Giurisprudenza: Giurisprudenza Sentenze per esteso massime | Categoria: Diritto processuale penale, Rifiuti
Numero: 45932 | Data di udienza: 3 Maggio 2013
RIFIUTI – Gestione illecita ed omessa vigilanza del titolare di impresa – Artt. 256 c.1 lett. a) e 260 D. L.vo n. 152/06 – DIRITTO PROCESSUALE PENALE – Sequestro preventivo – Rapporto pertinenziale tra res e reato – Nozione di pertinenza – Motivazione del giudice.
Provvedimento: Sentenza
Sezione: 3^
Regione:
Città:
Data di pubblicazione: 15 Novembre 2013
Numero: 45932
Data di udienza: 3 Maggio 2013
Presidente: Gentile
Estensore: Grillo
Premassima
RIFIUTI – Gestione illecita ed omessa vigilanza del titolare di impresa – Artt. 256 c.1 lett. a) e 260 D. L.vo n. 152/06 – DIRITTO PROCESSUALE PENALE – Sequestro preventivo – Rapporto pertinenziale tra res e reato – Nozione di pertinenza – Motivazione del giudice.
Massima
CORTE DI CASSAZIONE PENALE Sez.3° 15 Novembre 2013 (Cc. 3/05/2013) Sentenza n. 45932
RIFIUTI – Gestione illecita ed omessa vigilanza del titolare di impresa – Artt. 256 c.1 lett. a) e 260 D. L.vo n. 152/06.
Il reato di attività di gestione di rifiuti non autorizzata contenuto nell’art. 256 c.1 lett. a) D. L.vo n. 152/06, è ascrivibile (anche) al titolare dell’impresa sotto il profilo dell’omessa vigilanza sull’operato dei dipendenti che hanno posto in essere la condotta vietata (Cass., Sez. 3^ 25.5.2011 n. 23971, Graniero; idem, 18.5.2007 n. 2476, Sorce). Inoltre, si configura il reato di trasporto non autorizzato di rifiuti anche in caso di condotta occasionale in contrapposizione all’art. 260 del D.L.vo 152/06 che punisce la condotta continuativa dell’attività illecita.
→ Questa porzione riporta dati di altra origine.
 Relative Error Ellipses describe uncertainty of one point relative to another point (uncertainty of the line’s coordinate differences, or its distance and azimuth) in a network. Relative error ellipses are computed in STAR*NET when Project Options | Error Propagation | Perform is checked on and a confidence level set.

(conferma ordinanza n. 287/2012 TRIB. LIBERTA’ di MILANO, del 03/12/2012 ) Pres. Gentile, Est. Grillo, Ric. Manti
DIRITTO PROCESSUALE PENALE – Sequestro preventivo – Rapporto pertinenziale tra res e reato – Nozione di pertinenza – Motivazione del giudice.
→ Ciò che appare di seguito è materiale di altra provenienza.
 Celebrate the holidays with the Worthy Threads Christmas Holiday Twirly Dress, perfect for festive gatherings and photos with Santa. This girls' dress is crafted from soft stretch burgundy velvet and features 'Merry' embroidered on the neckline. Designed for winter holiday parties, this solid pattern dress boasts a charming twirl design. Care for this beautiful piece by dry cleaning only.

Nell’ambito del sequestro preventivo, il rapporto pertinenziale tra la res e il reato presuppone il legame funzionale della cosa con il reato, non già e non solo in termini di mera occasionalità, ma in termini tali da ricomprendere una relazione di utilità vicendevole, ovvero di conseguenzialità tra la cosa e il reato stesso. La nozione di pertinenza va intesa in senso ampio tant’è che al suo interno essa ricomprende una gamma variegata di situazioni, potendo il rapporto relativo riguardare diverse finalità. E’ necessario, poi, che il presupposto del nesso pertinenziale tra la cosa e il reato sia oggetto di congrua motivazione da parte del giudice tanto con riferimento alla specifica ed intrinseca strumentalità della cosa sottoposta a sequestro all’attività illecita asseritamente commessa dall’indagato, quanto con riferimento al pericolo di reiterazione di quella attività
(conferma ordinanza n. 287/2012 TRIB. LIBERTA’ di MILANO, del 03/12/2012 ) Pres. Gentile, Est. Grillo, Ric. Manti
Allegato
Titolo Completo
CORTE DI CASSAZIONE PENALE Sez.3° 15 Novembre 2013 (Cc. 3/05/2013) Sentenza n. 45932SENTENZA
REPUBBLICA ITALIANA
IN NOME DEL POPOLO ITALIANO
LA CORTE SUPREMA DI CASSAZIONE
TERZA SEZIONE PENALE
Composta dagli Ill.mi Sigg.ri Magistrati:
Dott. MARIO GENTILE – Presidente
Dott. AMEDEO FRANCO – Consigliere
Dott. RENATO GRILLO – Consigliere Rel.
Dott. GIULIO SARNO – Consigliere
Dott. ALESSANDRO MARIA ANDRONIO – Consigliere
ha pronunciato la seguente
SENTENZA
sul ricorso proposto da MANTI ANTONINO VINCENZO N. IL 03/08/1954
avverso l’ordinanza n. 287/2012 TRIB. LIBERTA’ di MILANO, del 03/12/2012
sentita la relazione fatta dal Consigliere Dott. RENATO GRILLO;
sentite le conclusioni del PG Dott. Montagna Alfredo rigetto del ricorso
RITENUTO IN FATTO
1.1 Con ordinanza del 3 dicembre 2012, emessa dal Tribunale di Milano quale Giudice del Riesame nei confronti di XHAJAJ Pashko e MANTI Antonino Vincenzo, indagati per il reato di cui agli artt. 110 cod. pen. e 256 comma 1 lett. a) D. L.vo 152/06 (illecita raccolta e trasporto di rifiuti non pericolosi), in accoglimento dell’appello proposto dal P.M. presso quel Tribunale avverso l’ordinanza del GIP del medesimo Ufficio giudiziario con la quale era stata rigettata la richiesta di sequestro preventivo dell’autocarro Nissan tg. EC 629 TR di proprietà della società Edilmanti s.r.l., disponeva il sequestro preventivo di detto mezzo.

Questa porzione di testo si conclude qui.